Если представить себе всеиндийские дебаты по определению конечного блага, то выяснится, что большинство голосов было бы отдано за понимание освобождения от страданий как радикального прекращения всякой эмоциональности и сознательности. Такой вывод следует и из джайнской концепции "освобождения" как прекращения потоков тонкой кармической материи, и из знаменитой концепции буддийской нирваны, которая означает буквально "затухание" всякой жизненности, и из формулировок большинства представителей ньяя-вайшешики, где речь идет о сопоставлении прекращения жизненности (апаварга) с иссякновением огня после сгорания топлива, и из концепции конечной устраненности (кайвалья, букв. "резиньяция") в санкхье и йоге, предполагающей полное снятие любой "самоидентификации" индивида и даже из учения мимансаков, которые начали с идеала достижения неба, а кончили идеалом прекращения как положительных, так и отрицательных душевных состояний в освобождении от сансары. На понимании "освобождения" как положительного идеала временами настаивали некоторые найяики (начиная уже с Ватсьяяны), шиваитские школы (прежде всего пашупата), полагавшие, что "освобожденный" должен достичь свойств Шивы и, решительнее всего, ведантисты, у которых "освобождение" понимается как осознание индивидом своего тождества с Брахманом, который сам есть блаженство (ананда).
Между оппонентами велись серьезные споры. Так, в тексте "Ньяякандали" Шридхары (X-XI вв.) вайшешик утверждает, что если бы в "освобождении" и оставались какие-либо эмоции и знания, то они оказались бы несущественными. В ответ ведантист возражает, что тогда "освобождение" ничем бы не отличалось от состояния камня или скалы и выражает сомнение в том, что какой-нибудь разумный человек будет стремиться к уподоблению неодушевленному объекту. Вайшешик отвечает, что главным является все-таки уничтожение страдания, а остальное уже вторично (удовлетворил ли такой ответ ведантиста, текст не сообщает). Существенно важно следующее: ведантисты не расходились со своими оппонентами в том, что все добродетели, как и пороки, в конечном счете "снимаются" при cтяжании высшего блага. Это и понятно: "освобождение", как мы помним, есть осознание индивидом своего тождества с безличным Абсолютом, а последний (на то он и безличный Абсолют) находится одинаково по ту сторону добра и зла – у него "пристрастий" нет.
По вопросу о том, на что можно надеяться еще при жизни, были выдвинуты три основные точки зрения. Ватсьяяна и Прашастапада полагали, что "освобождение" наступает лишь по смерти того, кто достиг истинного знания. Уддйотакара и санкхьяики различают как бы первое "освобождение" и второе: предварительное осуществимо в последнем перевоплощении "знающего", окончательное – уже при его окончательном развоплощении. Ведантисты же наиболее последовательно отстаивали идеал "освобождения при жизни" (дживанмукта).

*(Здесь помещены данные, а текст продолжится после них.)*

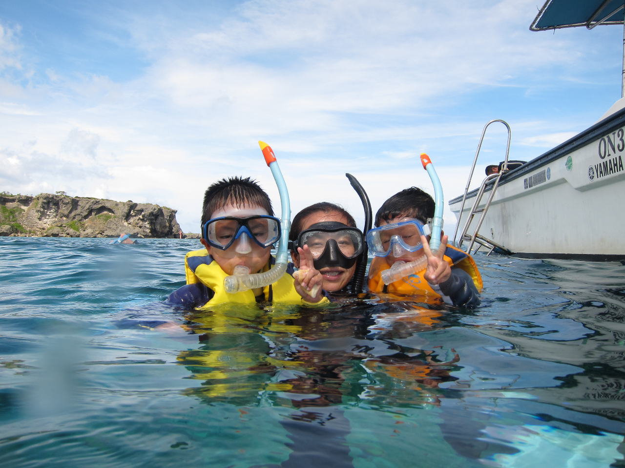 他店では始めから終りまで“浮き輪から手を離しちゃだめ”って言われたりするけど当店のスノーケルではインストラクターの管理下の下自由に泳いでいただきます。

Три позиции выявились и в спорах о необходимости восполнения "пути знания" (джнянамарга) следованием "пути действия" (кармамарга) – соблюдения ведийских обрядов. Последовательными нонконформистами здесь выступили представители санкхьи и йоги (не говоря уже о "неортодоксальных" джайнах и буддистах, которые благо этих обрядов прямо отрицают). Шанкара занимает промежуточную позицию: предписания традиционной религии актуальны только на предварительных стадиях самоусовершенствования. Жесткими консерваторами оказались, помимо традиционалистов-мимансаков, и найяики (правда, не все), настаивавшие на необходимости последовательного комбинирования обоих "путей".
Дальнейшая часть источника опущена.